■ **Problem statement**:
Copy nothing but the lines from the opening of the entries through the line that contains "Продается 2-комн. квартира", exactly as written. Drop the pictures.
Start of Listed entries
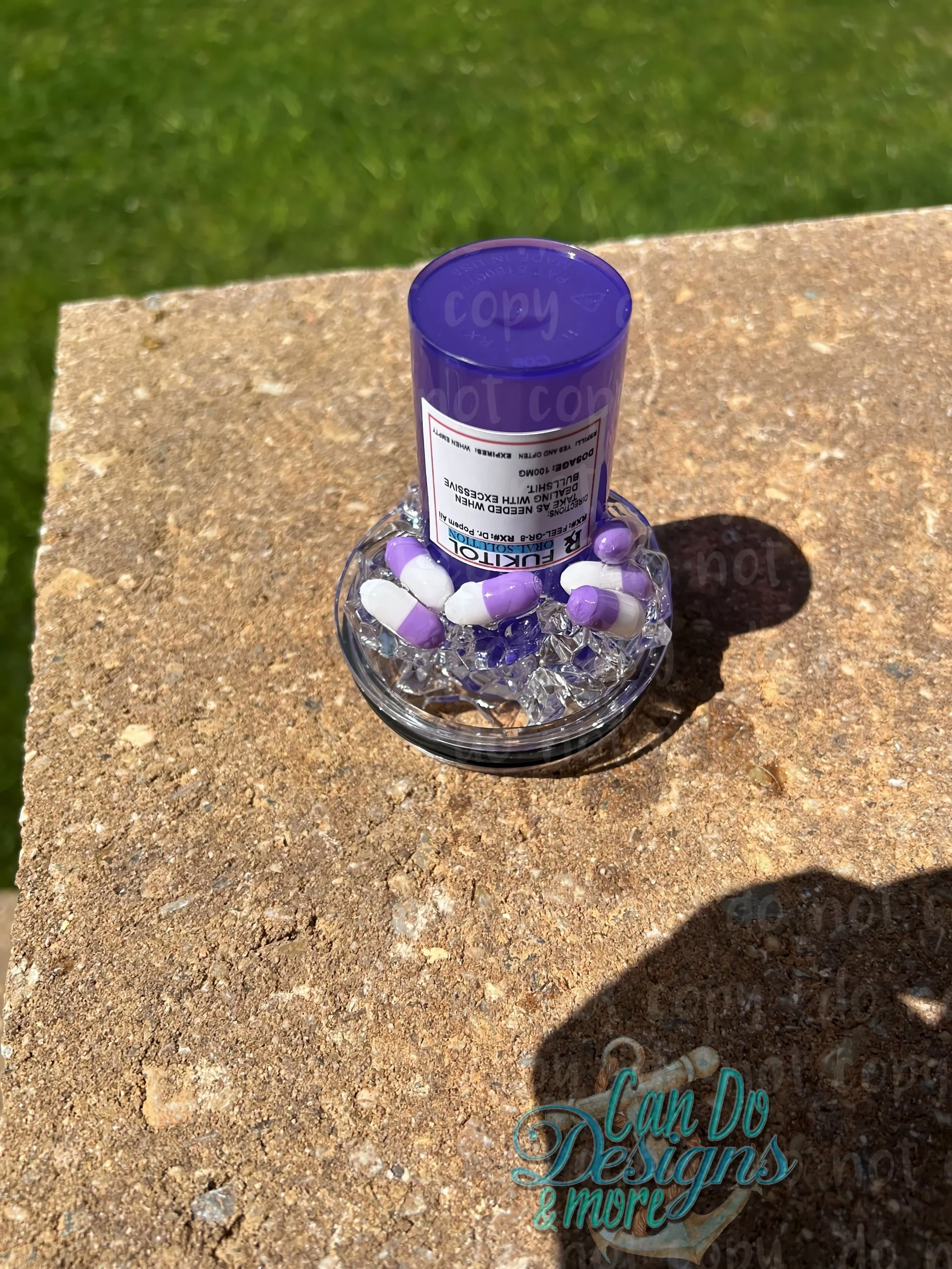 FUKITOL Purple Prescription Pill Bottle Tumbler Topper, Fake 3D Ice for 30oz or 20oz Skinny Straight Tumbler; Best Selling Nurse Gift; Hot
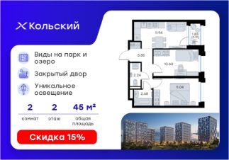 Продается 2-комн. квартира на 2-м этаже в проекте бизнес-класса GloraX Кольский. Общая площадь лота составляет 45,27 кв. м, из которых 21,64 кв. м отведено под жилую и 11,94 кв. м под кухонную зону. Номер квартиры - 1.
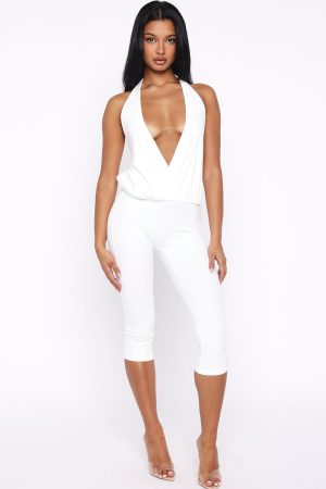 Falling head over heels for our Flawlessly Lost Jumpsuit in Cream! This sultry piece features fixed halter straps. an ultra-plunge neckline. and a fitted silhouette. Below-the-knee pant length adds a chic touch. while the backless design with a thick self-tie bow creates a dramatic effect. Crafted from high-stretch fabrication and lined at the bust for comfort. Style with wedges and layered gold jewellery for the perfect summer fit!
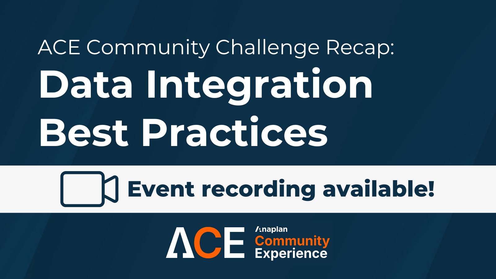 Last month, we hosted a Community Challenge inviting members to share their best practices on data integrations. We provided both beginner and advanced prompts to encourage members to discuss how they move data in and out of Anaplan, share tips for smooth integrations, and inspire others in the Community.
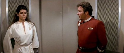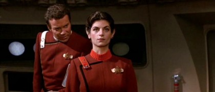 Meyer’s most personal and effective touch was to remake Kirk, Spock (Leonard Nimoy), and Dr. Leonard “Bones” McCoy (DeForrest Kelly) into men reminiscent of his earlier takes on Holmes and Wells. They are men out of their time, aware of retro paraphernalia and culture, offering a continuity with the geeks of Earth past, and possessed of an energy and idealism that’s all the more vital in a future world. The film’s very opening depicts one of Kirk’s prize pupils, Saavik (a pre-Cheers Kirstie Alley), a humourless Vulcan neophyte who nettles under the painful lesson of the “Kobayashi Maru,” a test that places potential officers in a situation where they have to find their grace under the imminent inevitability of death. As well as offering up a memorable fillip of series lore, the fact that Kirk administers the test which he himself successfully subverted in his student days presents a thematic echo that rings out through the rest of the story up to its tragic climax. Kirk, with his recurring refusal to believe in the kind of no-win scenarios the test prescribes, must face the real cost of such a situation.
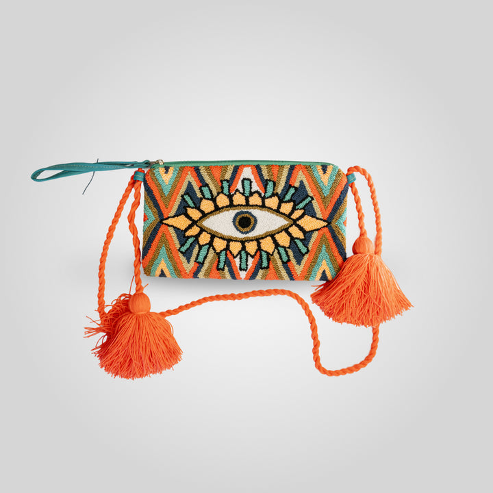Los sobre tapizados Wayuu con un ojo tejido son una manifestación artística y cultural de la comunidad indígena Wayuu. Estas piezas, utilizadas como cosmetiqueras o bolsos para guardar el celular, destacan por su diseño único y su profundo significado simbólico.
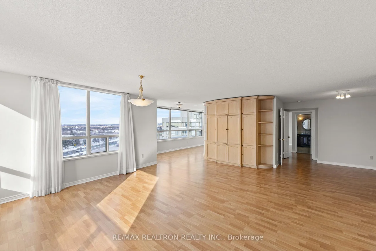 Luxury Condo Living In This Bright & Spacious 2 Bedroom, 2 Bathroom Unit with One extra-large parking space-ideal for oversized vehicles. In A Highly Desirable High Rise Building In The Heart Of Thornhill! With Breathtaking Unobstructed Views! Over 1500 Sq.Ft Of Open Concept Living Space With An Expansive Living And Dining Area That Extends Efortlessly Into A Oversized Solarium! Bright & Well Maintained Galley Kitchen Featuring Ample Counter Space, A Functional Layout For Everday Cooking, And A Large Breakfast Area With Wraparound Windows! The Primary Retreat Features Large Windows, Walk Out To Balcony Offering Picturesque Views, A Walk-In Closet And A 4-Piece Ensuite! Spectacular Facilities: Indoor Pool, Sauna, Fitness Centre, Recently Renovated Squash And Tennis Courts, 3 Pickle Ball Courts, Meeting Room, Guest Suites, Visitor Parking, And 24-Hour Concierge Service. Perfectly Located With Immediate Access To TTC, Highways, Shopping, Dining, Parks, And Schools & Much More!
End of Listed entries
■ **Solution to this task**:
 FUKITOL Purple Prescription Pill Bottle Tumbler Topper, Fake 3D Ice for 30oz or 20oz Skinny Straight Tumbler; Best Selling Nurse Gift; Hot
 Продается 2-комн. квартира на 2-м этаже в проекте бизнес-класса GloraX Кольский. Общая площадь лота составляет 45,27 кв. м, из которых 21,64 кв. м отведено под жилую и 11,94 кв. м под кухонную зону. Номер квартиры - 1.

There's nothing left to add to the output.